# Which (none spd type) pedals can you recommend?



## Dave7 (21 Jul 2012)

Just posted this in the general section then thought of this section
My Decathlon bike @ £500 came with spd's and I want to change to "normal" flat type. (I have spd's on my road bike but dont want them on the MTB).
I don't (if I can help it) do wet/muddy rides......mainly Trans Penine/Delamere Forrest type rides. So 2 questions really.
Which type of pedal i.e. do I need thopse grub screw/thru pins or serrated type ?
What is a decent pedal without paying silly money ? (I see several that look good @ £20ish)
Thanks


----------



## mickle (21 Jul 2012)

DMR V8


----------



## Dave7 (21 Jul 2012)

[QUOTE 1944202, member: 45"]Ar[/quote]
AR ???
Is that a make ?


----------



## Pottsy (21 Jul 2012)

Another vote for DMR V8 here. If you're feeling flush then there's the V12s too.


----------



## Dave7 (21 Jul 2012)

But.....do I need those pin/grub screw thingies or am I better with serrated metal types ?


----------



## mickle (21 Jul 2012)

What sort of shoes?


----------



## Dave7 (21 Jul 2012)

mickle said:


> What sort of shoes?


 I was thinking of trainer type with decent soles but I do have an old pair of Specialised shoes that have raised cleats and a very hard none-flexible sole........I am thinking-could I just remove the cleats and use these ?


----------



## MontyVeda (21 Jul 2012)

i use a pair of Wellgo pedals with standard rather than sealed bearings...







had em for a decade with no issues... foot stays where it should, plenty of grip for a bunny hop, cost £14 at the time.


----------



## Cubist (22 Jul 2012)

Another vote for DMRs, but if you want lighter and blingier with awesome grip then go for Superstar Nanotech Thru pins at about forty quid. Can I ask why you don't want to ride with SPDs though? The riding you describe would be best suited, and you already have the shoes.


----------



## YahudaMoon (22 Jul 2012)

I have some MKS CT-LITE you can have for free in very good condition

Pick up only


----------



## derrick (22 Jul 2012)

Have always used these on the mtb work great.
http://www.chainreactioncycles.com/...le&utm_medium=Shopping&utm_name=UnitedKingdom


----------



## RhythMick (22 Jul 2012)

I felt exactly the same, didn't want SPD on trail rides. I went for Wellgo MG1 and tried them for the first time yesterday. The grip on these pedals amazed me, there's no way your foot is slipping with these on. 

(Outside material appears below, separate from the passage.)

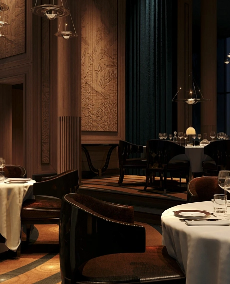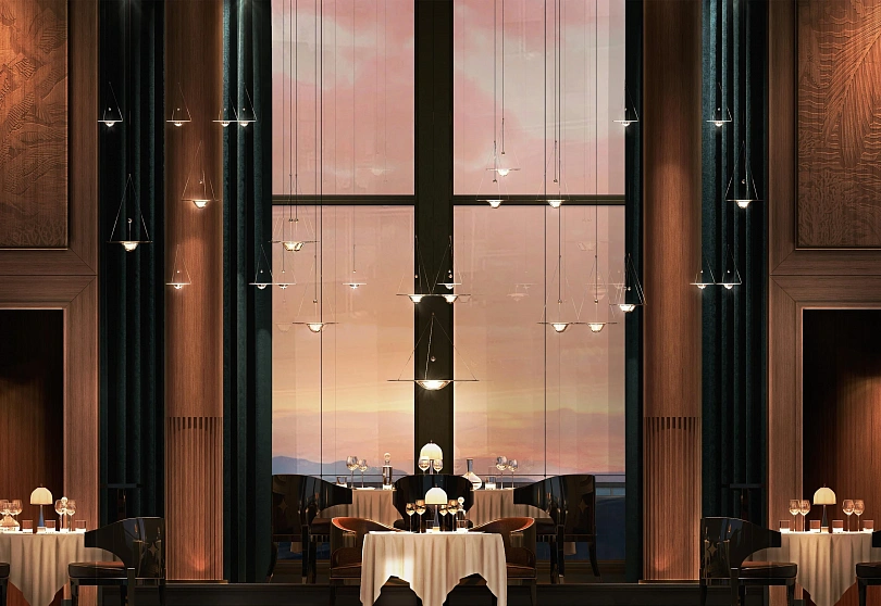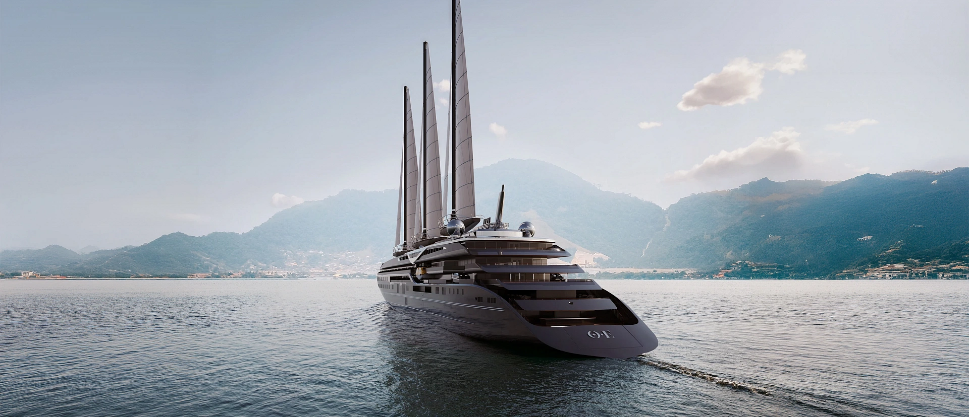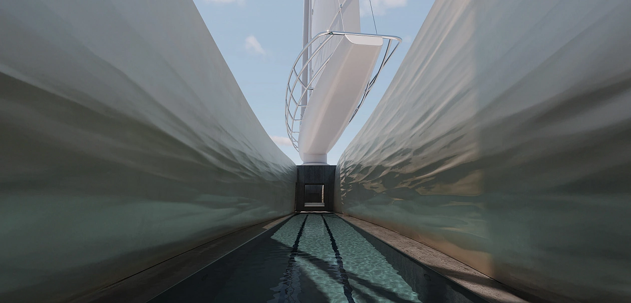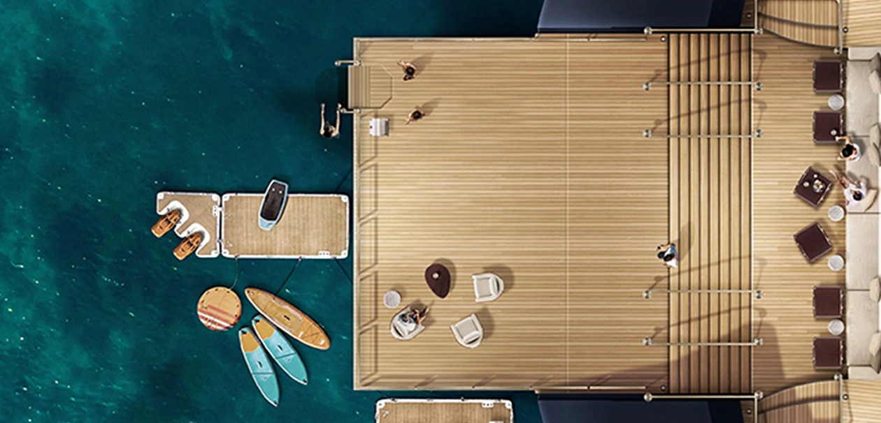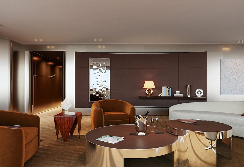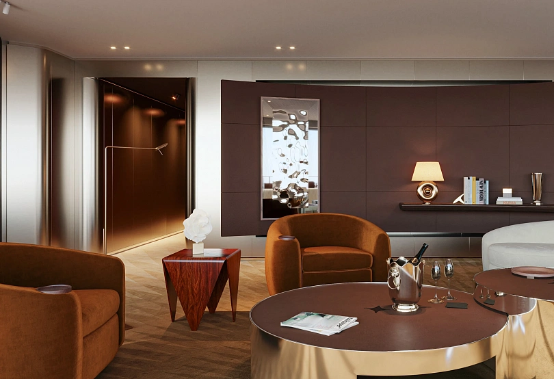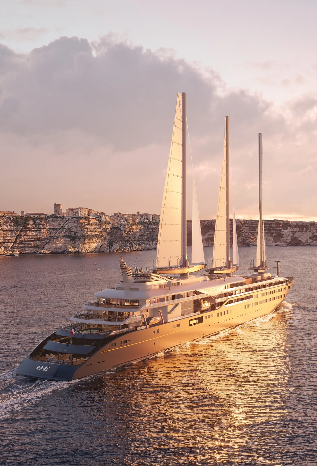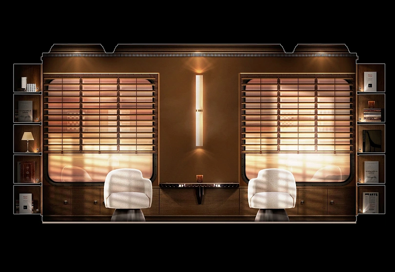 Интерьеры созданы архитектором Максимом д’Анжаком: это ар-деко в его современной интерпретации. Атмосфера вдохновлена Французской Ривьерой 1920–30-х годов, когда Монте-Карло, Сен-Тропе и Кап д’Антиб были пристанищем писателей, художников, актеров и принцесс — тот же легкий блеск беззаботности и joie de vivre, только теперь не на берегу, а под парусами.

They have sealed bearings, replaceable pins and are very light. I bought them for about £30


----------



## al-fresco (24 Jul 2012)

I bought a pair of DMR V8s for £24. I normally use them in combination with Teva Links shoes (£76). When your pedals have sharp pins in them you want your feet to stay put. For me the big advantage has been hill climbing - no need to faff about trying to spin a toe clip the right way up - and not being locked in when I grind to a halt. The disadvantage is that I occasionally come home bleeding from the lower legs. (The scars are only superficial though!)


----------



## Dave7 (24 Jul 2012)

Cubist said:


> . Can I ask why you don't want to ride with SPDs though? The riding you describe would be best suited, and you already have the shoes.


 
Some of the paths have short but very steep climbs plus some rough/pothole/rocky sections and I have found (twice) that at age 65 I no longer 'bounce' like I did when I was 20. If I hadn't been clipped in I would have had time to put my foot down to the ground.


----------



## Cubist (24 Jul 2012)

,


Dave7 said:


> Some of the paths have short but very steep climbs plus some rough/pothole/rocky sections and I have found (twice) that at age 65 I no longer 'bounce' like I did when I was 20. If I hadn't been clipped in I would have had time to put my foot down to the ground.


That makes perfect sense! In which case V8's for value, Superstar for loveliness would be my suggestions. The pins on on Superstar pedals are very grippy, but a lot of riders remove the rearmost central pin to safeguard shins as it's the one that does the damage. Same principle for all pinned pedals.


----------



## Cubist (27 Jul 2012)

Dave7 said:


> Some of the paths have short but very steep climbs plus some rough/pothole/rocky sections and I have found (twice) that at age 65 I no longer 'bounce' like I did when I was 20. If I hadn't been clipped in I would have had time to put my foot down to the ground.


Superstar Nano-Tech and Nano Tech Thru Pin are reduced by 20% this weekend, making them £36.54.

Just sayin'

http://superstar.tibolts.co.uk/prod...ucts_id=194&osCsid=f6mpmmli5ut88ajnunb20keo55


----------



## akb (31 Jul 2012)

DMR V8's here. I picked up a white set for £20 of fleabay and love them (compared to my old plastic standard pedals that came with my Spesh MTB)


----------